Got it? Me either. This took me a while. The K8s yaml provides for a lot of use cases, and so its abstractions are a bit odd at first.

We can't route traffic yet

So we can't yet route traffic to this service from the outside world. However we can test this out via K8s internal DNS:

# Run a Pod of Ubuntu 24.04 and make some 
# curl requests to the service we just created
# This is just like running a Docker container, e.g.
#   "docker run --rm -it ubuntu:24.04 bash"
kubectl run --rm -it --image=ubuntu:24.04 -- bash

> apt-get update && apt-get install -y curl
> curl echo1.default.svc.cluster.local
># echo1

The hostname echo1.default.svc.cluster.local is in format <service-name>.<namespace>.svc.cluster.local. The HTTP response is just "echo1".

Ingress

We created a service, and we can use internal DNS to send requests to it from within the cluster. However, we want external traffic to reach it through the load balancer!

The flow of traffic will be my laptop -> DO load balancer -> Ingress Nginx -> one of the 2 Pods.

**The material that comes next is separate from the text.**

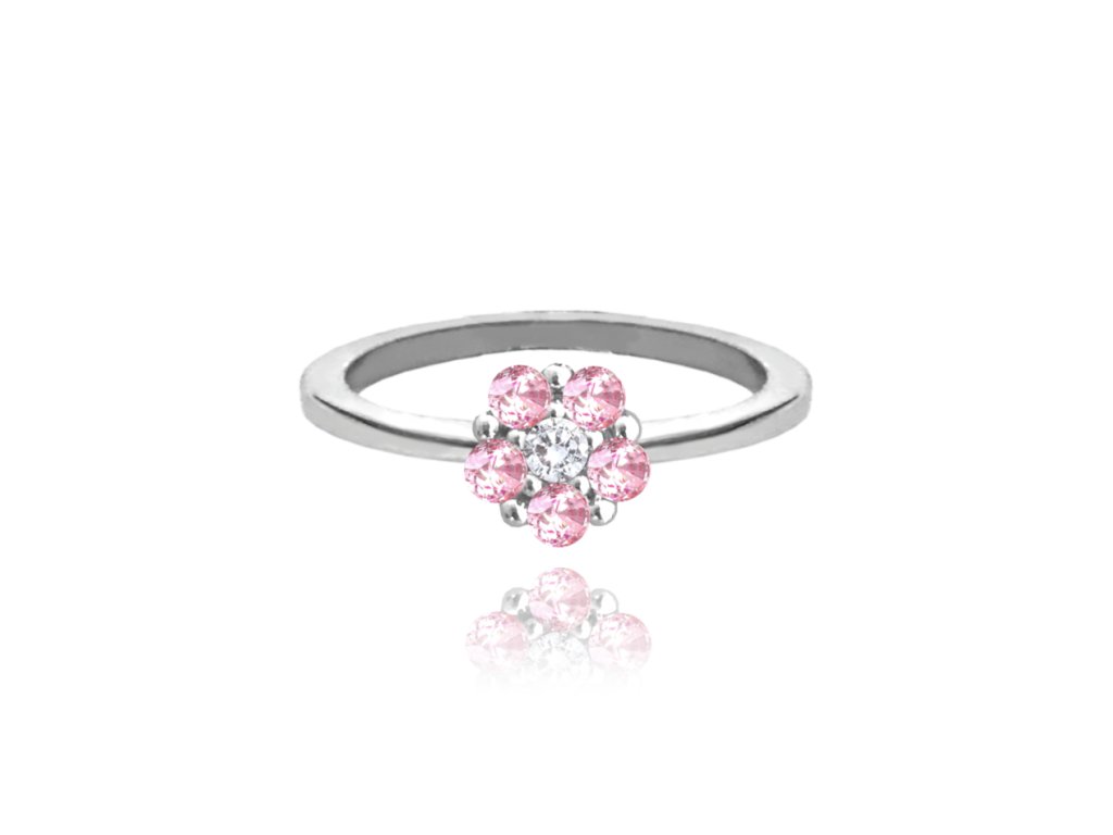 MINET Stříbrný prsten KYTIČKA s růžovými zirkony

To accomplish that, we need to define an Ingress. The Ingress will tell K8s to use Ingress Nginx to route requests to the correct Service based on hostname (we'll configure it to map hostnames to Services, but you can do other stuff).

Create a new file ingress.yaml:

apiVersion: networking.k8s.io/v1
kind: Ingress
metadata:
  name: echo-ingress
  annotations:
    kubernetes.io/ingress.class: "nginx"
spec:
  rules:
  - host: echo1.example.com
    http:
        paths:
        - pathType: Prefix
          path: "/"
          backend:
            service:
              name: echo1
              port:
                number: 80

And then apply it:

k apply -f ingress.yaml

Since we set the annotation kubernetes.io/ingress.class: "nginx", this will read a thing called an IngressClass that exists.It's named nginx and was created by Ingress Nginx when we installed it. It's job is to tells Ingress Nginx to reconfigure itself to route requests to hostname echo1.example.com to the service named echo1.

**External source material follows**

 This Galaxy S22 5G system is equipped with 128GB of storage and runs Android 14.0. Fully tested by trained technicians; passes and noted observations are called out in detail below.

My Load Balancer IP address is 143.244.220.120, and at this point I can send requests to it successfully:

curl -H "Host: echo1.example.com" 143.244.220.120
# echo1

# BTW, this won't work since it didn't pass a Host header:
curl 143.244.220.120
# 404

So, that's cool! We can route web traffic to this!

At this point I stopped, because the addition of adding SSL certificates is a bit boring (which isn't to say easy or non-trivial). It requires a real domain tho, and I didn't feel like doing DNS things to make it work. However the article on using CertManager to manage SSL via LetsEncrypt are good!